485 So. 2d 900 | Fla. Dist. Ct. App. | 1986

485 So. 2d 900 (1986)

Joseph TAYLOR, Appellant,
v.
STATE of Florida, Appellee.

No. 85-612.

District Court of Appeal of Florida, Fourth District.

April 2, 1986.

Richard L. Jorandby, Public Defender, and Gary Caldwell, Asst. Public Defender, for appellant.

Jim Smith, Atty. Gen., Tallahassee, and Joan Fowler Rossin, Asst. Atty. Gen., West Palm Beach, for appellee.

LETTS, Judge.

The defendant violated his probation and the trial court revoked it. The trial court then prepared a sentencing guideline scoresheet which reflected 52 points for category five offenses. The recommended sentencing range for that number of points is twelve to thirty months incarceration. The trial court decided to exceed the recommended sentence and imposed four concurrent terms of four years in prison followed by two years of community control for the burglary offenses.

The defendant contends that in assessing points the trial court improperly added ten points to his score on the ground that he was legally constrained at the time he violated his probation. The guideline sheet provides that the trial court add ten points if the defendant's status at the time of the offense is under "legal constraint." Florida Rule of Criminal Procedure 3.701(d)(6) defines legal status at the time of the offense as:

*901 6. Legal status at time of offense is defined as follows: Offenders on parole, probation, or community control; in custody serving a sentence; escapees; fugitives who have fled to avoid prosecution or who have failed to appear for a criminal judicial proceeding or who have violated conditions of a supersedeas bond; and offenders in pretrial intervention or diversion programs.

This rule does not clearly state whether "legal status at time of offense" refers to only the primary offense or to any offense at conviction. When a defendant is being sentenced in a probation revocation hearing only for the original crime, case law provides that points may only be added if the defendant is under legal constraint at the time he committed the offense, not at the time probation was revoked. Brown v. State, 481 So. 2d 1271 (Fla. 5th DCA 1986); Burke v. State, 460 So. 2d 1022 (Fla. 2d DCA 1984); Addison v. State, 452 So. 2d 955 (Fla. 2d DCA 1984). If the defendant is being sentenced for an additional crime at the revocation hearing, then it is proper to find that the defendant was under legal constraint and add points. From the record in the instant case, it appears that the defendant was being sentenced only for the original crimes at the revocation hearing. Nothing indicates that the defendant was being sentenced for an additional crime. Therefore, the trial court erred in adding ten points to the defendant's scoresheet for being under legal constraint when his probation was revoked.
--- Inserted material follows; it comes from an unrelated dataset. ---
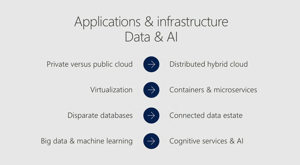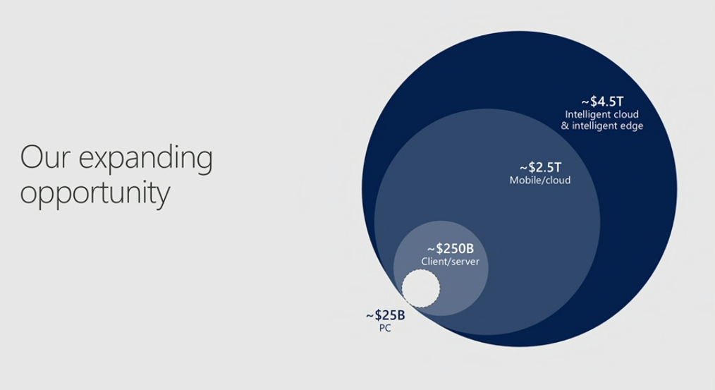 次はSatya氏ですね。Microsoftのミッションの再確認。Intelligent CloudやIntelligent Edge、デジタルトランスフォーメーションを強調してる感じですね。あとAIなどのパラダイムシフトのお話。マイクロサービスやコンテナーにも言及してましたね。

The next question is whether the trial court may depart from the sentencing guideline range in sentencing for a probation violation. Under Florida Rule of Criminal Procedure 3.701(d)(14), a violation of probation justifies a one-cell increase under the sentencing guidelines without giving reasons for so doing. Pentaude v. State, 478 So. 2d 1147 (Fla. 1st DCA 1985). However, our Supreme Court has not decided whether the sentencing court, as it did in the instant case, may depart beyond a one cell increase for a revocation of probation. Nevertheless, the First and Fifth Districts have concluded that the trial court may properly depart from the guidelines range by more than one cell upon revocation of probation where there are reasons, besides the probation violation, for the departure. Such reasons must be in writing. Williams v. State, 480 So. 2d 679 (Fla. 1st DCA 1985), and Monti v. State, 480 So. 2d 223 (Fla. 5th DCA 1985). We ally ourselves with these two sister courts.

Accordingly, we reverse and remand for resentencing. In all other respects, this cause is AFFIRMED.

HERSEY, C.J., and GUNTHER, J., concur.